AI really is going to destroy the world, but imagining the world that it destroys looks just like this one but with the addition of an AGI is naive, in the same way that trying to explain AI risk to someone from 1700 as “ok so there’s a building full of boxes and those boxes control everyone's minds” would be naive. Between now and doom, AI will continue to become more harmlessly complex and be more and more useful to industry, finance, and all the rest until it is indispensable thanks to profit/competition motives. How ‘smart’ will it be when it becomes indispensable? Who knows, but not necessarily very smart in IQ terms. How ‘smart’ is the internet? If the AI-doom scenario of an unaligned super-intelligence comes to pass at all, it will already be networked with every important lever of power before the scenario starts at all.
For those not entirely infatuated with the kinds of progress we’ve experienced in the last 400 years, there’s an additional imaginable failure mode: AI never ‘takes over’ in a political sense but nonetheless destroys us all by helping us destroy ourselves, probably in ways that seemed like excellent marketing decisions the corporate nightmares that rule the future.
Please interview someone in the alignment community! Many of these arguments have been talked about for a long time. Ultimately, predicting how a machine that can think a million times faster than you and has access to all the knowledge in the world will act is very hard. I can't tell you how an unaligned AI might take over the world, but I also cant tell you what chess moves Magnus Carlsen will play to beat his opponent. In both cases, the outcome can be guess much better than the specific sequence to achieve it.
Ok, but we can at least try to think about what the easiest or most likely paths would be, and maybe closing those off will give us a little bit of time?
The Water Line writes:
I think approaching this using complexity theory seems unfruitful.
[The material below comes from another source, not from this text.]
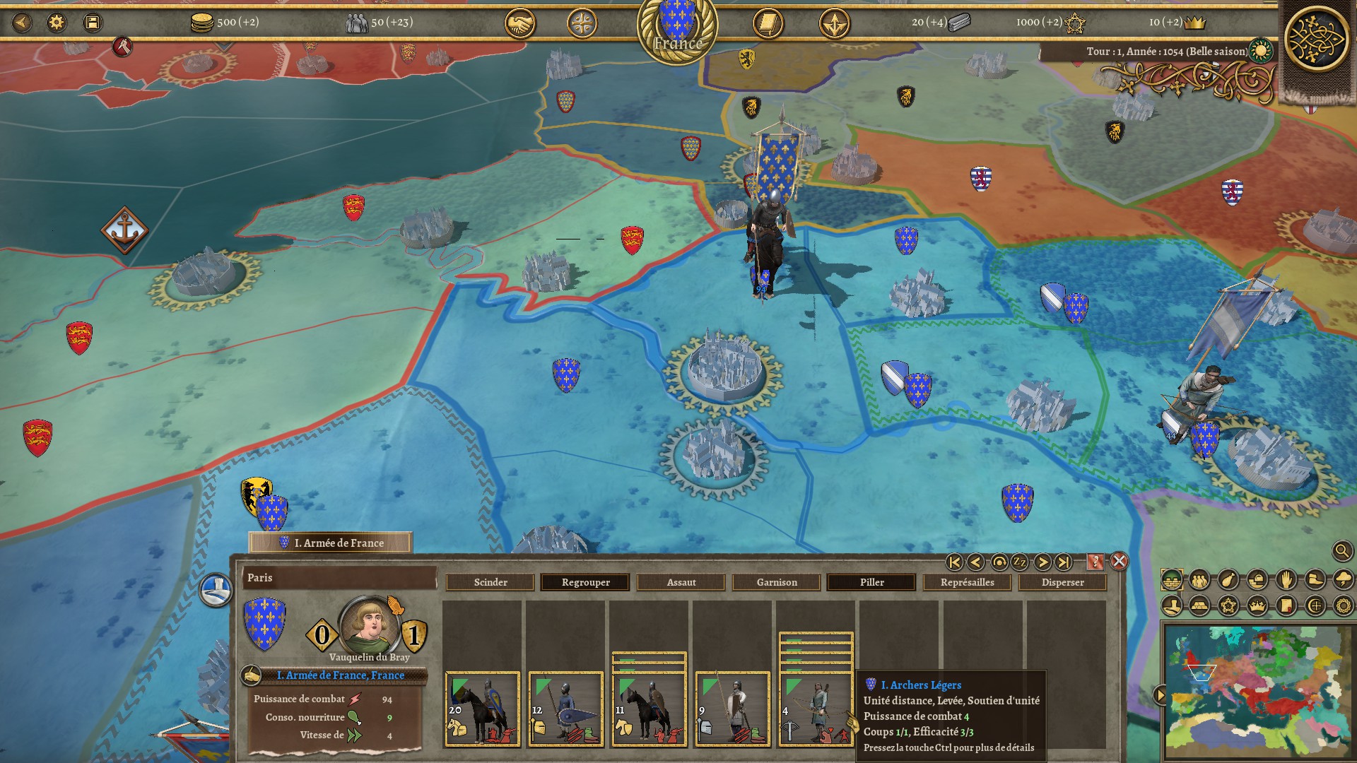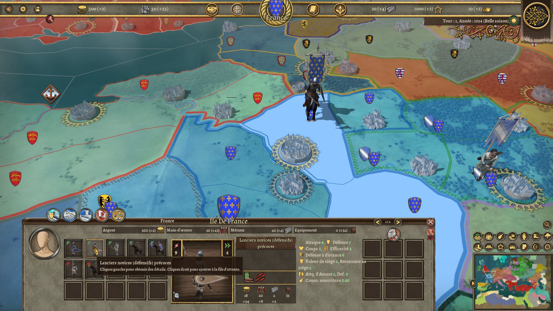 Mais qu'en est-il des mécaniques du jeu ? En successeur de Field of Glory : Empires, Kingdoms reprend le cœur de ses mécaniques. La carte est divisée en territoires, eux-même regroupés en provinces afin d'aider à votre gestion. Ces provinces ont, en plus de cela, une unité militaire locale, en général partagée par plusieurs provinces. Ainsi, plus vos terres seront vastes, plus votre choix d'unités augmentera car vous aurez accès à des unités des quatre coins de votre royaume.

For example, someone could ask, “Is it possible to drive from LA to NYC?” The answer is obviously yes, but from a complexity theory perspective, this might be considered remarkable, since all of the thousands of people on the road have to “cooperate” to avoid crashing into each other.
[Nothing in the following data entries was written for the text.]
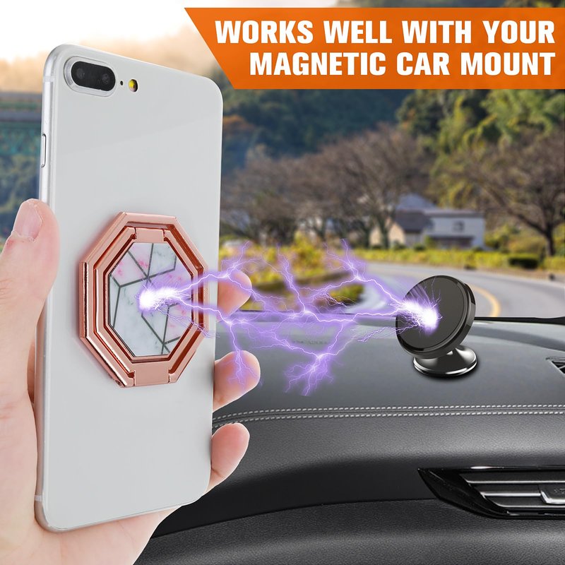 2. Compatible with car mount: Since the ring holder has a built-in metal plate, it can be used with a magnetic car mount. Please note: The magnetic car mount is not included.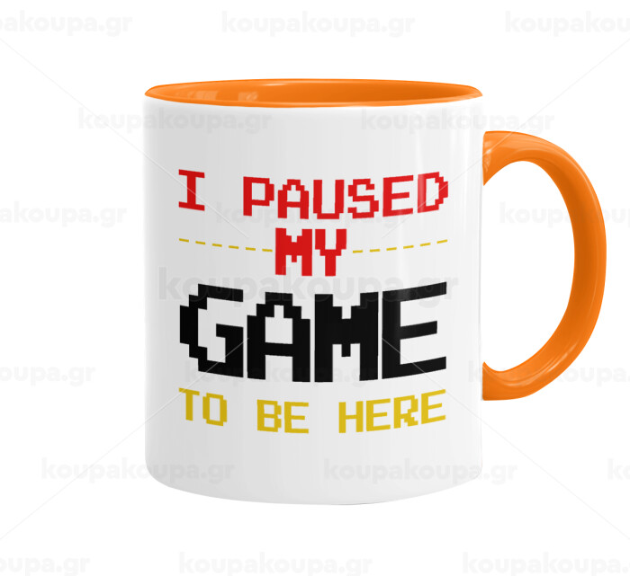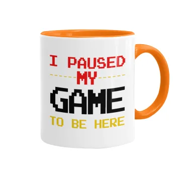 I paused my game to be here, Mug colored orange, ceramic, 330ml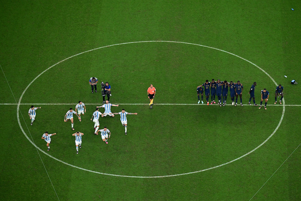 Argentina e Francia a metà campo dopo il rigore decisivo segnato da Gonzalo Montiel (Matthias Hangst/Getty Images)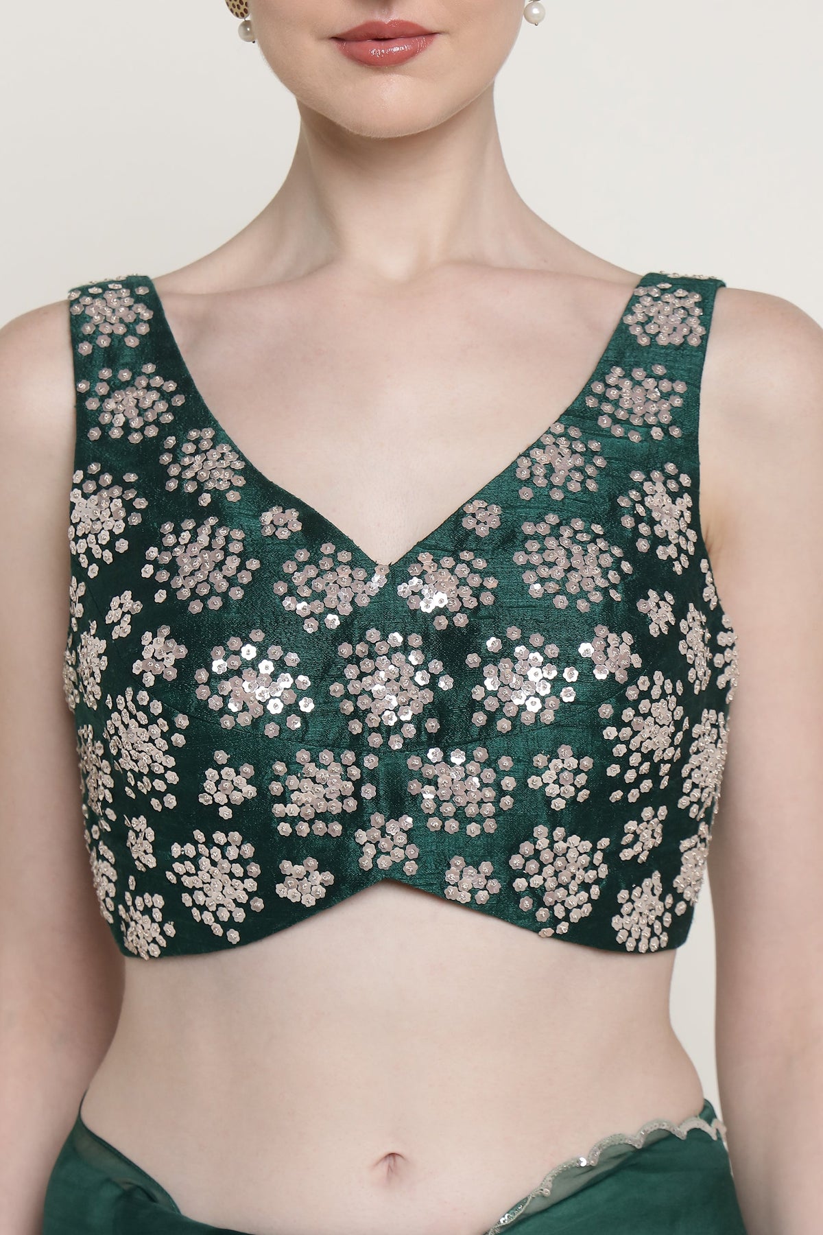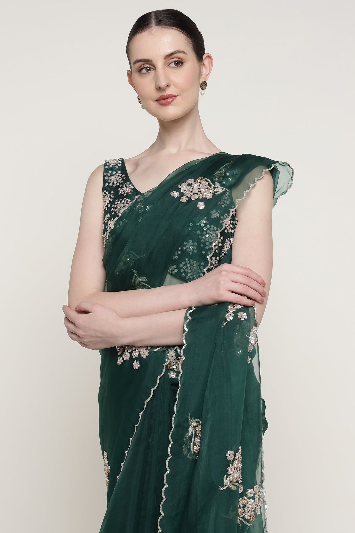 The Glowing Dandelion Saree is a fully hand-embroidered organza drape in a deep emerald hue, adorned with delicate floral motifs and scalloped detailing. Light, fluid, and luminous, it’s designed for wedding celebrations and evening occasions that call for refined elegance and quiet sparkle.

One reason it’s possible to get from LA to NYC is that a person (or AI) doesn’t have to model everyone’s interaction with everyone else all at once. It’s much more feasible to keep track of one's immediate environment. If an AI is programmed to “go northeast” and “correct course if it looks like you’ll crash in the next five seconds”, that’s enough to take it pretty far in the right direction.
Another reason it’s possible to not be paralyzed by complexity is that there are regularities that don’t require you to model other people interacting at all. For example, the president knows that if he presses certain buttons in the nuclear football, then millions of people will die. But he doesn’t have to have a model of all of those people in order to have a large effect on them.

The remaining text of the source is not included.